I'm testing a website I'm developing and am using media queries.
When I test and resize the page in a browser, everything is good.
But when I test on my mobile device, I encounter a problem when I change the orientation of the phone.
If I load the page in landscape
mode, the correct CSS are applied.
When I change to portrait
, the CSS are also correct.
But if I go back to landscape
, the portrait
css classes are still being applied.
I'm using these metatags
<meta name="MobileOptimized" content="320">
<meta name="viewport" content="width=device-width, initial-scale=1.0, maximum-scale=1.0, user-scalable=no">
And in my media queries I have
@media
only screen and (max-width: 610px),
only screen and (max-width: 610px) and (orientation:landscape) { ... }
@media
only screen and (min-device-width: 240px) and (max-device-width: 520px),
only screen and (min-width: 240px) and (max-width: 520px) { ... }
I've alerted the device width to make sure it's ok and in landscape
mode it's 598px
wide and portrait
is 384px
I'm using a Nexus 4 (Android 4.3)
How come the CSS aren't applied once I change back the orientation?
EDIT:
If I load the site in portrait
and then change to landscape
, the CSS aren't applied.
It's as if once it goes to the smallest resolution, it can't go back.

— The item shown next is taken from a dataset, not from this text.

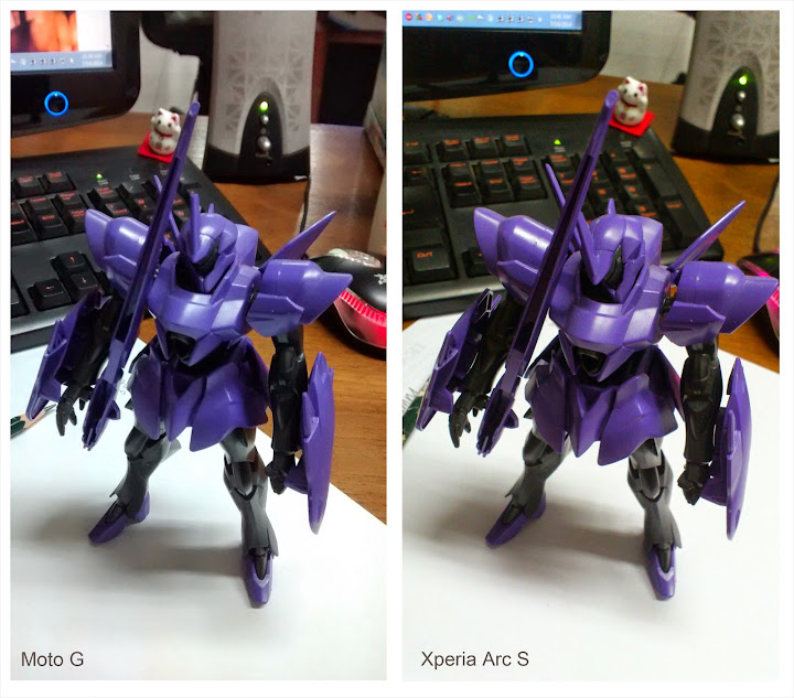 Berikut ini perbandingan foto yang diambil dengan Moto G dan Xperia Arc S, Xperia lebih contrast dan warnanya lebih mirip aslinya daripada Moto G. Untuk ukuran juga lebih besar Xperia (8MP untuk 4:3 dan 6MP untuk 16:9) dibanding Moto G (5MP untuk 4:3 dan 3MP untuk 16:9).
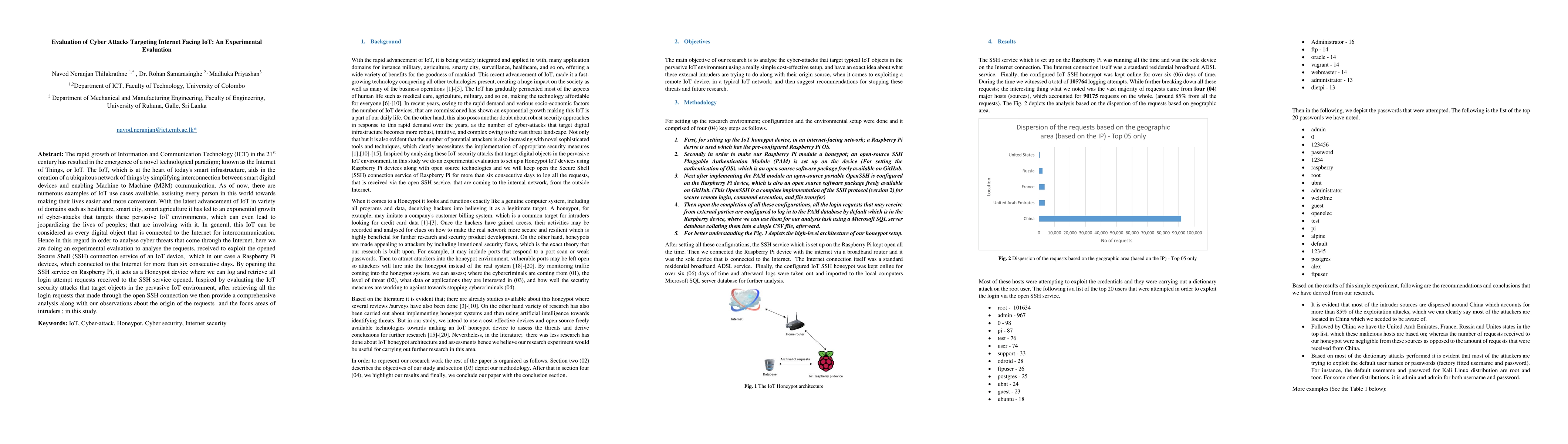 The rapid growth of Information and Communication Technology (ICT) in the 21st century has resulted in the emergence of a novel technological paradigm; known as the Internet of Things, or IoT. The IoT, which is at the heart of today's smart infrastructure, aids in the creation of a ubiquitous network of things by simplifying interconnection between smart digital devices and enabling Machine to Machine (M2M) communication. As of now, there are numerous examples of IoT use cases available, assisting every person in this world towards making their lives easier and more convenient. With the latest advancement of IoT in variety of cyber-attacks that targets these pervasive IoT environments, which can even lead to jeopardizing the lives of peoples; that are involving with it. In general, this IoT can be considered as every digital object that is connected to the Internet for intercommunication. Hence in this regard in order to analyse cyber threats that come through the Internet, here we are doing an experimental evaluation to analyse the requests, received to exploit the opened Secure Shell (SSH) connection service of an IoT device, which in our case a Raspberry Pi devices, which connected to the Internet for more than six consecutive days. By opening the SSH service on Raspberry Pi, it acts as a Honeypot device where we can log and retrieve all login attempt requests received to the SSH service opened. Inspired by evaluating the IoT security attacks that target objects in the pervasive IoT environment, after retrieving all the login requests that made through the open SSH connection we then provide a comprehensive analysis along with our observations about the origin of the requests and the focus areas of intruders; in this study.

On my Nexus 4, I have something that looks like this and seems to work for your test cases:
<meta http-equiv='X-UA-Compatible' content='IE=edge,chrome=1'>
<meta name='viewport' content='width=device-width'>
And I make no reference to orientation in the media query, for example:
@media only screen and (max-width: 610px) { /* Some CSS here */ }
EDIT: Looks like you have to put max-device-width after the other max-width stuff in terms of the media queries. To quote vyx.ca in the comments below...
Just found my problem. Notice how I define 'max-device-width' before the rest. If I put that condition last, it works. 'max-device-width' is used for retina display.